Micro- and small firms make up the majority of businesses and more than 50% of employment worldwide. But they continue to be constrained by limited access to finance. Access to finance is critical to small business development and growth, but there are few financial solutions that account for MSEs’ nuanced and diverse needs.

Recently, CGAP published a focus note that advocates for the importance of a segmented approach to addressing small business needs. While small and micro-businesses are often grouped together, they have a variety of business journeys, differing financial and nonfinancial needs, and different experiences using financial services. With a segmented approach, CGAP argues that financial service providers (FSPs) and others in the financial inclusion community can understand small businesses better and design and deliver more effective solutions.

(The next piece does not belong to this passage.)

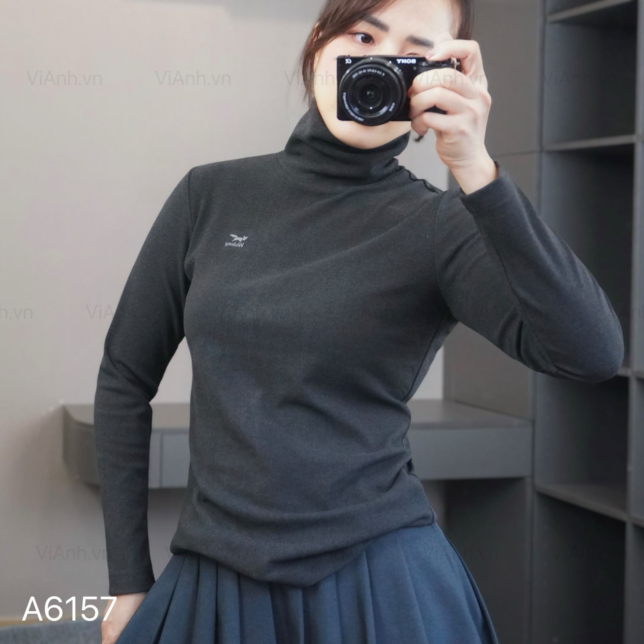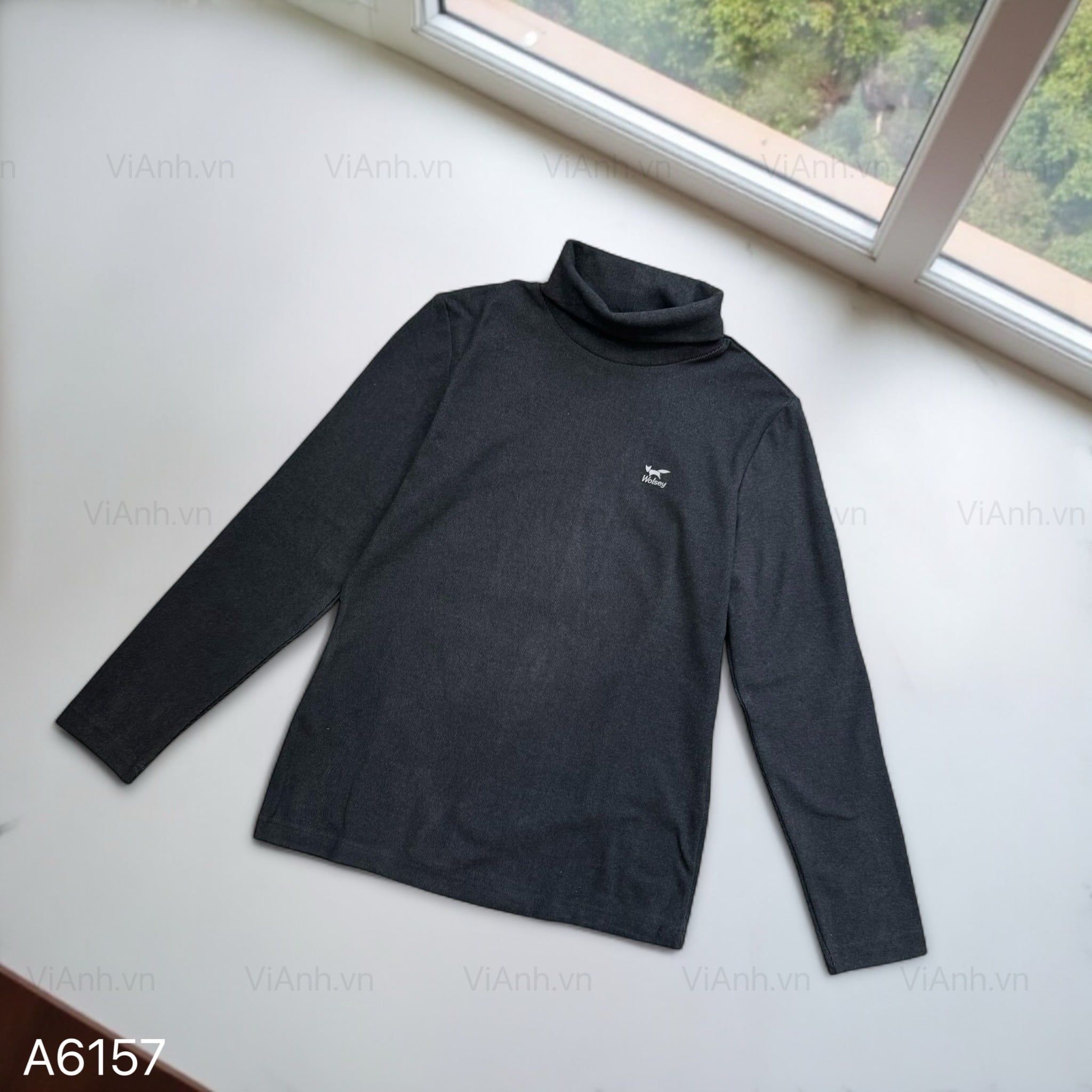 Áo dài tay cao cổ logo ngực style UK / ĐEN

CGAP’s focus note is based on primary research conducted with almost 400 MSEs in India, Kenya, and Peru, primarily from the manufacturing, retail, and transport sectors. Using online surveys, in-depth interviews, and focus group discussions, the research demonstrates the diversity of small businesses across five key and often interrelated dimensions: sector of operation, entrepreneurial mindset, growth stage, entrepreneur’s gender, and business size.

Segmenting MSEs across five dimensions

CGAP’s research segments small businesses across five dimensions, with insights that can help FSPs better understand and serve them.

1. Sector of operation: A small business’ choice of sector is shaped by the entrepreneur’s gender, socioeconomic status, motivation, and ability to access productive assets. For instance, entrepreneurs with high socioeconomic status are more prevalent in the transport and manufacturing sectors, while entrepreneurs with low socioeconomic status prefer the retail sector because it is quick to start up and requires lower asset investment. Sector of operation also influences capital needs, formal finance sources, and digital readiness (see figure).

Source: CGAP, No Small Business: A Segmented Approach to Better Finance for Micro and Small Enterprises, 2022.

2. Entrepreneurial mindset: This research identifies two types of mindsets that affect a small business’ trajectory: cautious entrepreneur and determined aspirant. Cautious entrepreneurs are focused on stability and immediate livelihood goals. They exhibit a low-risk appetite and tend to be reluctant to scale, formalize, and embrace new technologies. They also prefer informal finance sources and are hesitant to use credit products. Determined aspirants are focused on growth, building a safety net, and fulfilling ambitions. They exhibit a high-risk appetite with plans to scale, and they seek out new technologies to solve their business needs. They’re open to using formal finance sources over time, as long as they are relevant and create value.

3. Growth stage: Small businesses experience at least three stages in their lifecycle, including the start-up stage, the stable operations stage, and the growth stage. This isn’t a linear journey, and small businesses may move between these stages multiple times. Family and friends are often the only financing option in the start-up stage. Even when formal options exist, they cannot compete with the fast, free, and flexible aspects of informal sources. When small businesses enter the stable operations stage, their awareness of financial and nonfinancial sources of support is influenced by their peers and social networks. For growth-stage small businesses, obtaining finance from formal providers can be a slow, unclear, and unforgiving experience.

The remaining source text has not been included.